The jocularity is interrupted by Cindy. She's told Jeff, and now he wants to... get this, marry her! Well, Cindy's an 80's kinda gal... she's not gonna marry some dude just because he knocked her up! Angel gives her all the reasons she should commit... ya know, they love each other and whatnot. Nope, Cindy ain't hearing it. They disconnect the call, and Angel just knows she'll be getting a wedding invitation before too long.
Angel heads into her studio... so we can start having fun again. Wendy makes one last phone call... to Steven Spielberg... while Everett rolls his eyes. Well, guess what... Steve answers, and has quite the pleasant chat with our Wendy! Everett's buggin' out and Wendy retires to her bedroom, visions of ET's dancin' in her head.
We wrap up with Angel drawing Halo to fill her in on the goings on of this very busy day. She's interrupted by Everett who won't shut up about Wendy... I'm tellin' ya, he's obsessed! So, what does Angel do? She starts goin' on about how she can talk to her cartoons... and they talk back. Everett looks incredulous... and is likely thinkin' back to everything his ol' lady said about "white chicks".

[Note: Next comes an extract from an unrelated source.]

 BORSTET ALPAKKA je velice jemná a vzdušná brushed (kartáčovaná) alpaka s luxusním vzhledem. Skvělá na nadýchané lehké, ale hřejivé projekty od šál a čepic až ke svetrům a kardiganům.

Today we cover the heavy topic of abortion... in quite a light way. I don't have any problem with that as Angel is only a POV character here, and not the one who has to "choose". Her friend Cindy, is written as rather fickle and terminally unable to commit to a given decision. As strange as it is to say that the scene in the abortion clinic is actually written as comedy... it is, and maybe it's not laugh-out-loud funny, but it's certainly got charm. It's perhaps the first scene thus far where Angel is part of the comedy. She's been kind of the stick in the mud up to this point.
Continuing the softer/funner side of Angel... she appears to be losing her mind. She's talking to her cartoon angel, Halo... who (it appears) only shows up for her. This is a cute addition to the series, and allows for some (relatively) organic expository dialogue. I did think it was really cute how proud Angel was of this drawing too... I mean, really now...

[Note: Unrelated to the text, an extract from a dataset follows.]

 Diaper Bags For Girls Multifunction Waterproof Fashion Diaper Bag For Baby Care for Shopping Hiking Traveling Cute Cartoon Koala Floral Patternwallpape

Speaking of comedy... there's my Wendy. No follow up on whether or not her baby bird ever recovered... I'll have to assume/hope it did... maybe we'll get some "follow up" in the subsequent chapters. Here's hoping! Anyhoo, she's looking for rejection... not rejection from her pals, but rejection from important people in her chosen field. It's always so much fun when she's on panel... I mean, c'mon... she tried to call William Shakespeare for a rejection. She's amazing!

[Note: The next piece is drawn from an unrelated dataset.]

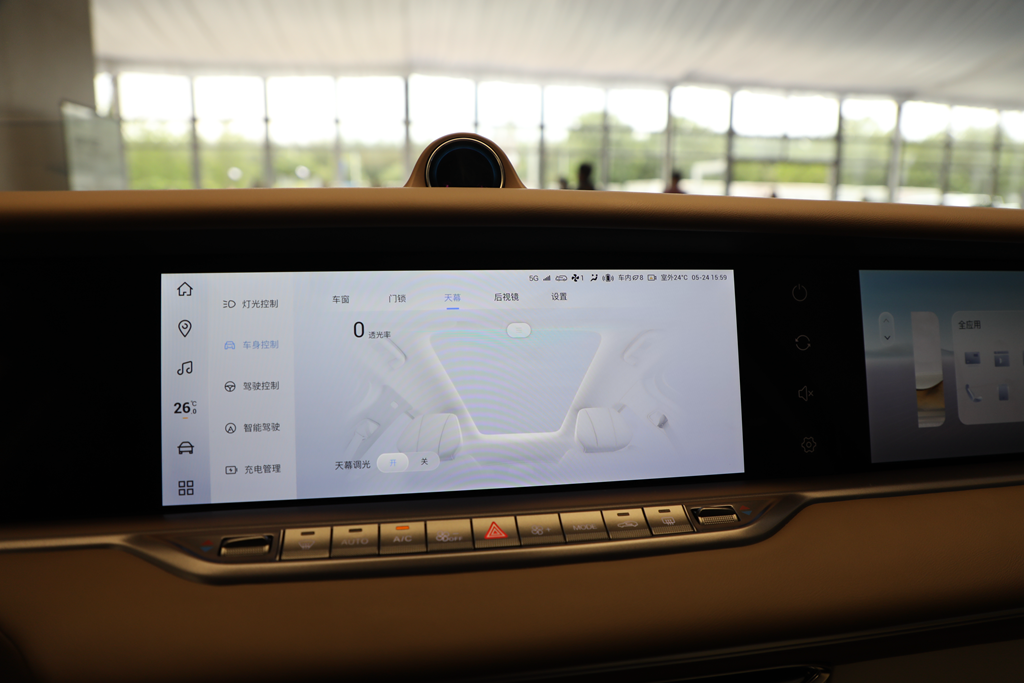 最后,我抱着猎奇的心态试了一下可调透光率的全景天窗,其原理与波音787舷窗技术相同。它拥有10级可调,紫外线隔绝率大于99.9%,隔热率大于78%。不光可以通过中控触摸屏来调节,还可以通过语音控制透光率。不过,噱头大于实用性,我相信绝大多数消费者在新鲜劲儿过了以后,就会把透光率调成0为常态。

Now Everett... what's this dude doing hanging around Angel and Wendy's apartment... is his air conditioner still out? Is his girlfriend still ticked that he's hangin' round two white chicks? There's a story thread I'm hoping is picked up on... his lady looks like one you wouldn't want to mess with.
Overall, another fun issue of Angel Love. Certainly not for everyone, but for some light comedy with heart you could do way worse. For its sheer novelty, this series is one of the highlights of my 2016 retro-reads. This is one of those series I'd say I want to be revisited nowadays... but I gotta say I'm glad this one is stuck in the 1980's. I don't think a series like this could occur today without losing its charm and getting mired way deep in social politics.